Without the pictures, can you quote each line below exactly?

• STORED DATA
▼
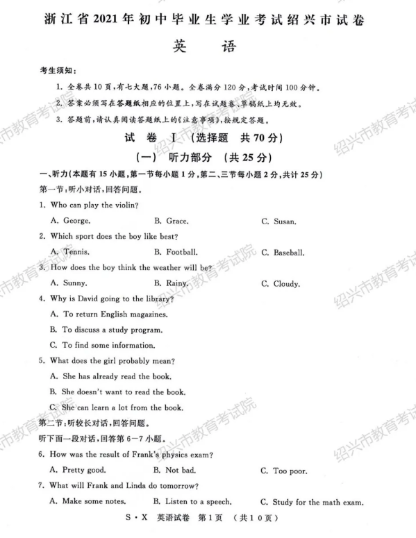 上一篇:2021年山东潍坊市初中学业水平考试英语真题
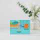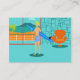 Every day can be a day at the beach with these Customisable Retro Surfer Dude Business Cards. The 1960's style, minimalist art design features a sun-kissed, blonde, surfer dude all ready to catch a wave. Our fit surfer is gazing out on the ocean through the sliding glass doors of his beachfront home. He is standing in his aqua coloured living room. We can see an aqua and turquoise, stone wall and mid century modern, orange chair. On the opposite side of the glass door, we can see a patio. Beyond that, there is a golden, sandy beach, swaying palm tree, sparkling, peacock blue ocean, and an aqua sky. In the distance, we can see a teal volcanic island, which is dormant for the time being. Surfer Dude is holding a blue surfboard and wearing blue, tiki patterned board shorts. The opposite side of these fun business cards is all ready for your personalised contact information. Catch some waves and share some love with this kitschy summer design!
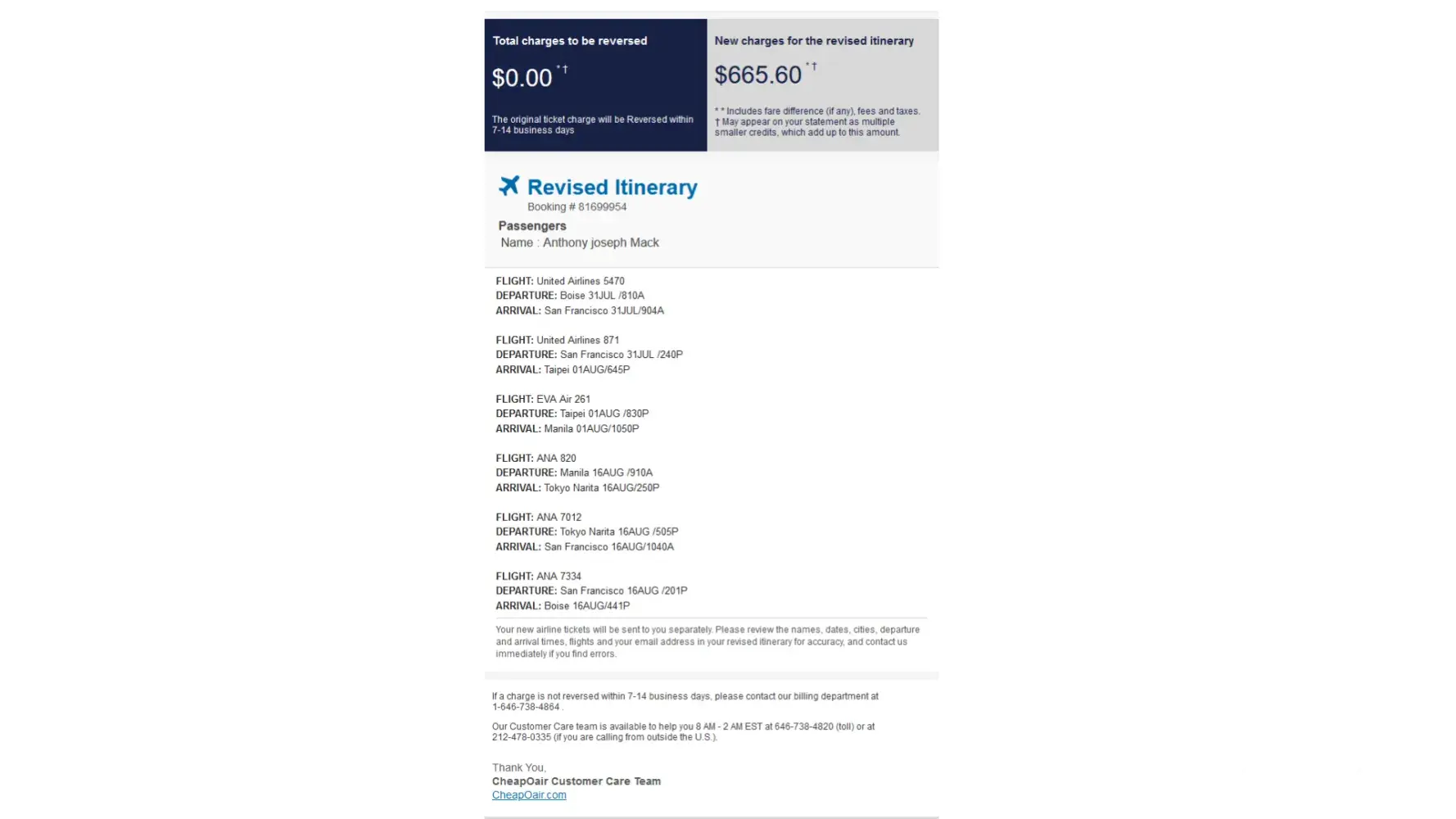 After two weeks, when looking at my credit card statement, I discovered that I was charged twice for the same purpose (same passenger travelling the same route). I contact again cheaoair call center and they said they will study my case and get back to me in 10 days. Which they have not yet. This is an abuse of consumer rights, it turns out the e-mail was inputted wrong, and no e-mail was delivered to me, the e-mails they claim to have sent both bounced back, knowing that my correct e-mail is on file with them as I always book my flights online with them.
▲
• YOUR RESPONSE
 上一篇:2021年山东潍坊市初中学业水平考试英语真题
 Every day can be a day at the beach with these Customisable Retro Surfer Dude Business Cards. The 1960's style, minimalist art design features a sun-kissed, blonde, surfer dude all ready to catch a wave. Our fit surfer is gazing out on the ocean through the sliding glass doors of his beachfront home. He is standing in his aqua coloured living room. We can see an aqua and turquoise, stone wall and mid century modern, orange chair. On the opposite side of the glass door, we can see a patio. Beyond that, there is a golden, sandy beach, swaying palm tree, sparkling, peacock blue ocean, and an aqua sky. In the distance, we can see a teal volcanic island, which is dormant for the time being. Surfer Dude is holding a blue surfboard and wearing blue, tiki patterned board shorts. The opposite side of these fun business cards is all ready for your personalised contact information. Catch some waves and share some love with this kitschy summer design!
 After two weeks, when looking at my credit card statement, I discovered that I was charged twice for the same purpose (same passenger travelling the same route). I contact again cheaoair call center and they said they will study my case and get back to me in 10 days. Which they have not yet. This is an abuse of consumer rights, it turns out the e-mail was inputted wrong, and no e-mail was delivered to me, the e-mails they claim to have sent both bounced back, knowing that my correct e-mail is on file with them as I always book my flights online with them.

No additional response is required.